South Coast Repertory, Orange County’s Tony-winning theatre, is staging a production of Moby Dick by Chicago’s Lookingglass Theatre that one might describe as “Moby Dick meets Cirque du Soleil.” With dialogue and a plot that originate very literally in Melville’s classic novel, this production invokes the spirit of the source material through creative stagecraft and dazzling aerial acrobatics.
The play, which is a co-production with Alliance Theatre and Arena Stage, is strongest when it’s nonverbal. Kelley Abell, Cordelia Dewdney and Kasey Foster are especially captivating in the many roles they inhabit, acting as a chorus of fates, the ocean and the great White Whale himself. Although their physically demanding performances require them to sing, fly, run and climb in a variety of costumes, I was perhaps most impressed by the way they walked so briskly and smoothly in 19th century hoop skirts that they appeared to be gliding.
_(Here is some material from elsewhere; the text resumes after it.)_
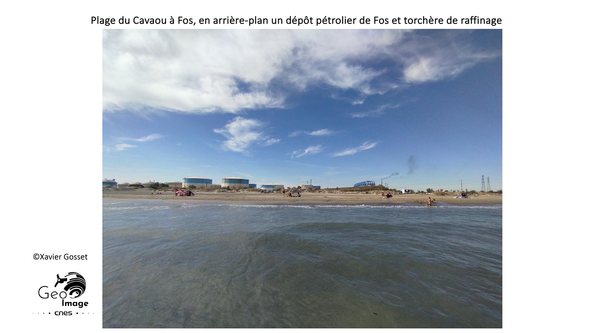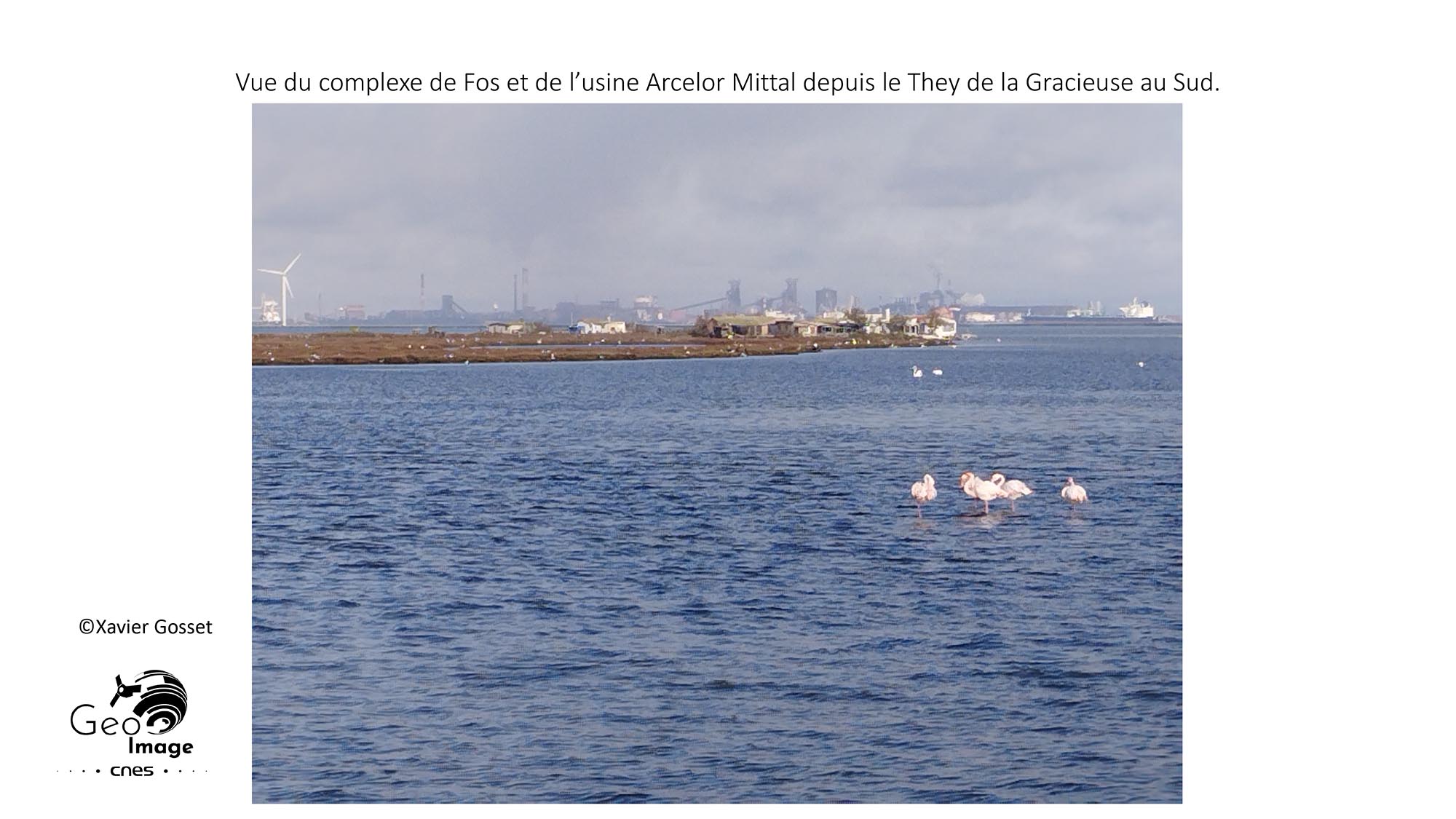 Enfin, le contraste est fort entre formes géométriques anthropisées et espaces “naturels” protégés dans cette image. Le parc naturel régional de Camargue entoure la ZIP par l’EST et de nombreuses zones naturelles d’intérêt écologique faunistique et floristique (ZNIEFF) sont présentes autour et dans la ZIP. De plus, le complexe est entouré d’espaces agricoles, de marais, et de plages. Fos est aussi une zone de loisirs, avec ses réserves de pêches, de chasses, ses flamants roses, et ses plages fréquentées par la population locale. Les ports de plaisance de Fos à l’Est et celui de Port Saint Louis au Sud-Ouest rappellent cette fonction récréative, d’un site parmi les plus transformés de France.

The production also provides a number of “gasp” moments, most of which are delightful surprises (although I feel like I can safely spoil for you that the fire alarm in act II is part of the play, and you don’t need to exit– not being 100% sure was one surprise moment I didn’t totally love). The first time I gasped and nudged my companion was when Ishmael (Jamie Abelson) and Queequeg (Anthony Fleming III) first boarded the Pequod and Micah Figueroa, playing Cabaco, climbed a set piece and held himself out from it perpendicularly for what felt like five minutes while Ishmael tried to mentally capture the moment at which his adventure was beginning.
If you’re a student reading Moby Dick for a high school or college English class and you live anywhere near Costa Mesa or Chicago (where the production returns in June), seeing this would be a terrific complement to reading the book. It’s definitely not a substitute, though. My companion for this show is a major Moby Dick lover, and he pointed out that the substance of Ahab’s (Christopher Donahue) motivation in the book is really about knowing the unknowable and controlling the uncontrollable, whereas in the play he seems motivated purely by revenge for the whale having taken his leg. The characterizations of Ishmael and Queequeg were also broadened to play to a theatre audience and not safe to base a book report on.